クレニアムモンの様子を観察していた積山はほんの一瞬、しかし確かにクレニアムモンの目に変化があったのを見逃さなかった。
「大丈夫そうだね」
「いえ・・、もうすこし様子を見たほうがいいと思います」
辻鷹のほっとしたような言葉に積山の真剣な声が被さる。
一方、和西の正面まで来たエウロパはひったくるようにして板をとると機敏な動きで下がり、そう遠くない位置で止まって表面の文字を追った。

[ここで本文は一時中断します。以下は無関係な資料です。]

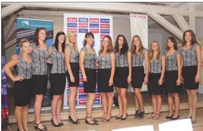
A 2011-2012-es bajnoki év új csapata elegáns egyenöltözetben
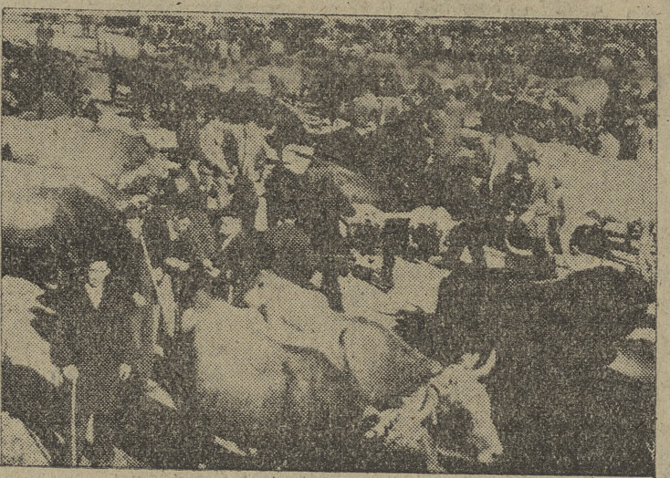
Con gran afluencia de ganado, ha empezado ayer la tradicional "Feria de San José", este año aplaza hasta la anterior Jornada, a causa de coincidir en sus días tradicionales con la Semana Santa. He aquí un aspecto del ferial en su primer día.

そう時間をかけずにすべてを読み、エウロパは和西を見た。
「確かにイオの文字だ。・・・“信じるとおりに生きろ”と書いてあった・・・」
肩を抱きかかえられて地面に降り立った積山は数歩近寄って口を開いた。
「イオにあなたたちを連れてきて欲しいと頼まれました。一緒に来てくれますか?」
背後に立つガニメデと顔を見合わせ、エウロパは頷いた。
「応じます。イオとカリストを含む私たちの安全を保証してくれるのなら」
「手荒なまねだけはやめてくれるかい?」
必要なことを2,3訊きながら和西はそれとは別のことを考えていた。
今朝見たカリストの従順振りやこの二人の素直さはどこから来ているものなんだろう・・・。
イオにそうさせるだけの能力があるから。
和西の頭はそう結論をつけていた。
組織が会議をする際、和西は十闘神のリーダーとして出席をする。
いつの間にかみんなが和西を中心にチームを形作っていた。
しかしそれを自覚する度、和西は心臓が抜け落ちるような奇妙な感覚に襲われていた。
自分は積山くんほど賢く、冷静ではない。
自分は林未くんほど思慮深くはない。
自分は仁ほど気が利かない。
自分は柳田くんみたいにムードメーカーではない。
自分は嶋川くんや谷川さんほど強い絆を作れるかわからない。
自分は二ノ宮さんほど経験をつんではいない。
自分は黒畑さんほど優しくはない。
自分は彩華ちゃんほど強い芯を持ってはいない。
そうではないか、和西はいつもそう考えていた。
自分が十闘神のリーダーとしていることに違和感を感じていた。
イオとカリストの間に確かに強い信頼関係があることに和西は真っ先に気づいていた。
自分と仲間にあんな絆が作れるのだろうか。
和西はこの数日、ずっとそれを考えていた。
ガニメデとエウロパを連れて帰ったあと、全員が帰宅するのを見送ると和西はひどい孤独感に押しつぶされそうになった。
そんな彼がふと顔を上げたとき。
ゴマモンがいた。
「何か悩み事か?」
「ああ、ちょっとね」
和西は微笑むと立ち上がった。
強い絆なら僕ももっていた。
パートナーデジモンとの絆を見つけた和西はいつもよりも軽い足取りで部屋を出た。
その後をゴマモンが元気よく追いかける。